→ Work item:
Write out the lines of the material below exactly, beginning at the line with "kkKei, 1girl, long" and stopping after the line with "A close-up view", and leave out the pictures.

#### Material provided

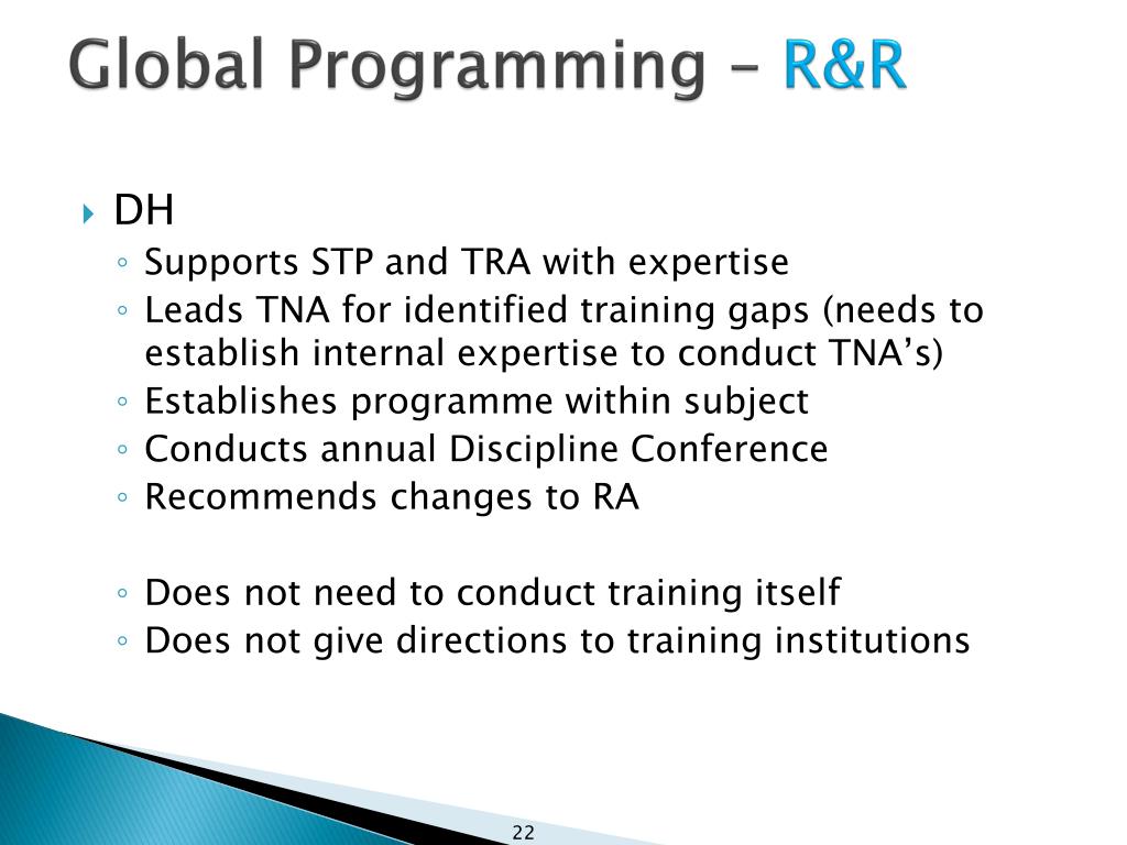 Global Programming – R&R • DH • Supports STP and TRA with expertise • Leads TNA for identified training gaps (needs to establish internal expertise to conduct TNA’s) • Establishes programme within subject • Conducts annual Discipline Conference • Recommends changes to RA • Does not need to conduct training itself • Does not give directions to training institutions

########
#### Material provided

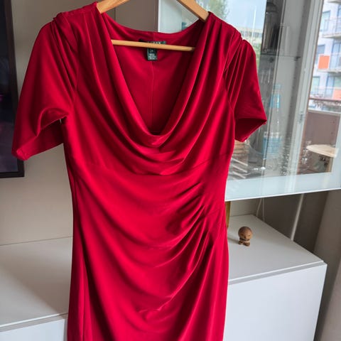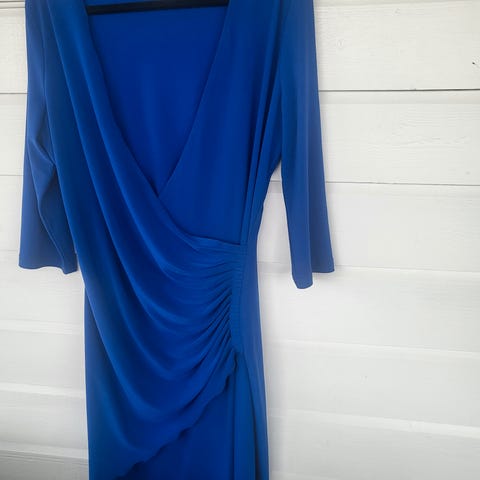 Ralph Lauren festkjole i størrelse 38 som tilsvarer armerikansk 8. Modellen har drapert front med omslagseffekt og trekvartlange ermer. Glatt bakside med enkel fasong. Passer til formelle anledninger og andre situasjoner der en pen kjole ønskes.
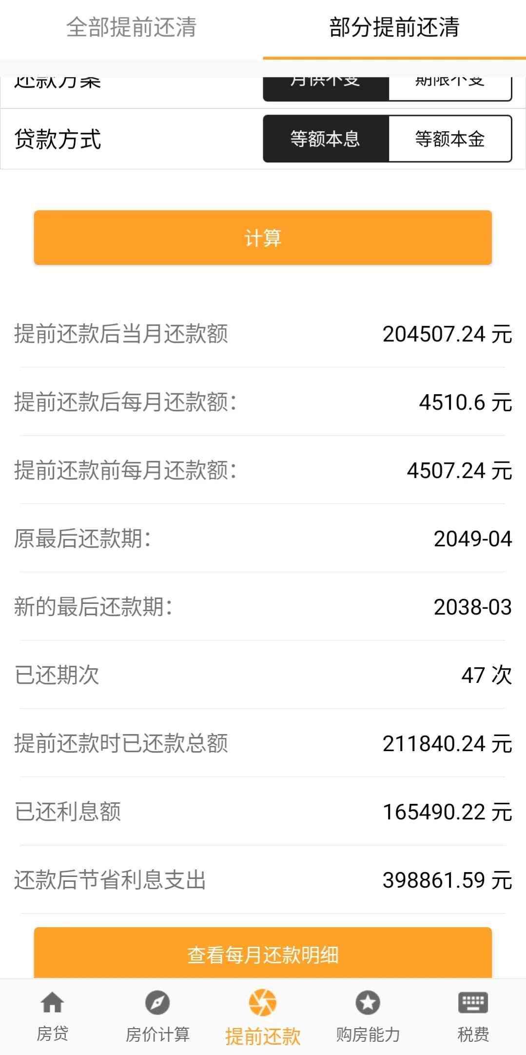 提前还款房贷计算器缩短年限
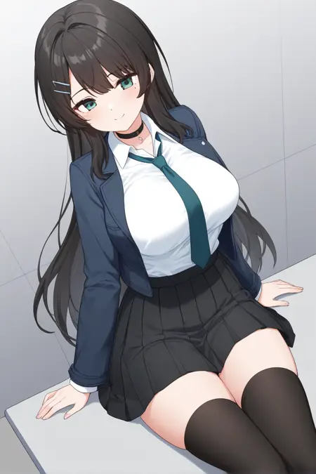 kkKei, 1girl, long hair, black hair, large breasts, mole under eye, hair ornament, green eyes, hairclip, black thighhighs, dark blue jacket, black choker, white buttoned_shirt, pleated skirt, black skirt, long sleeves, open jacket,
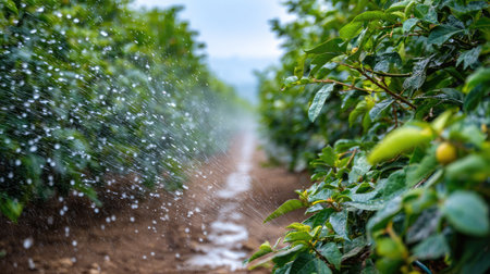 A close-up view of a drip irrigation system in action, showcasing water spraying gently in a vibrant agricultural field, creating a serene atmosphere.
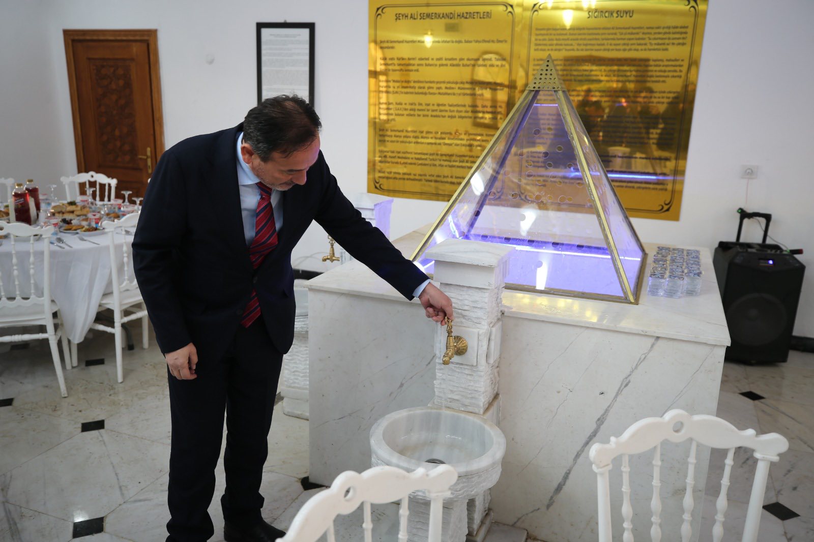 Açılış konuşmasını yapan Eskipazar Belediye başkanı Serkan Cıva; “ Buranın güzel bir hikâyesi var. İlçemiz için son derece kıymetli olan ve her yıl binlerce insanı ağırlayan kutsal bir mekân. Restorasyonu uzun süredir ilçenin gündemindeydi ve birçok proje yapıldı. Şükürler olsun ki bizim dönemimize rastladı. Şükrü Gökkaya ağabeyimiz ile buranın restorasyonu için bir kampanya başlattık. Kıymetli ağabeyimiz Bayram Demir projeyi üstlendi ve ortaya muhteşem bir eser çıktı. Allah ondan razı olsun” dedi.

########

→ Output:
 kkKei, 1girl, long hair, black hair, large breasts, mole under eye, hair ornament, green eyes, hairclip, black thighhighs, dark blue jacket, black choker, white buttoned_shirt, pleated skirt, black skirt, long sleeves, open jacket,
 A close-up view of a drip irrigation system in action, showcasing water spraying gently in a vibrant agricultural field, creating a serene atmosphere.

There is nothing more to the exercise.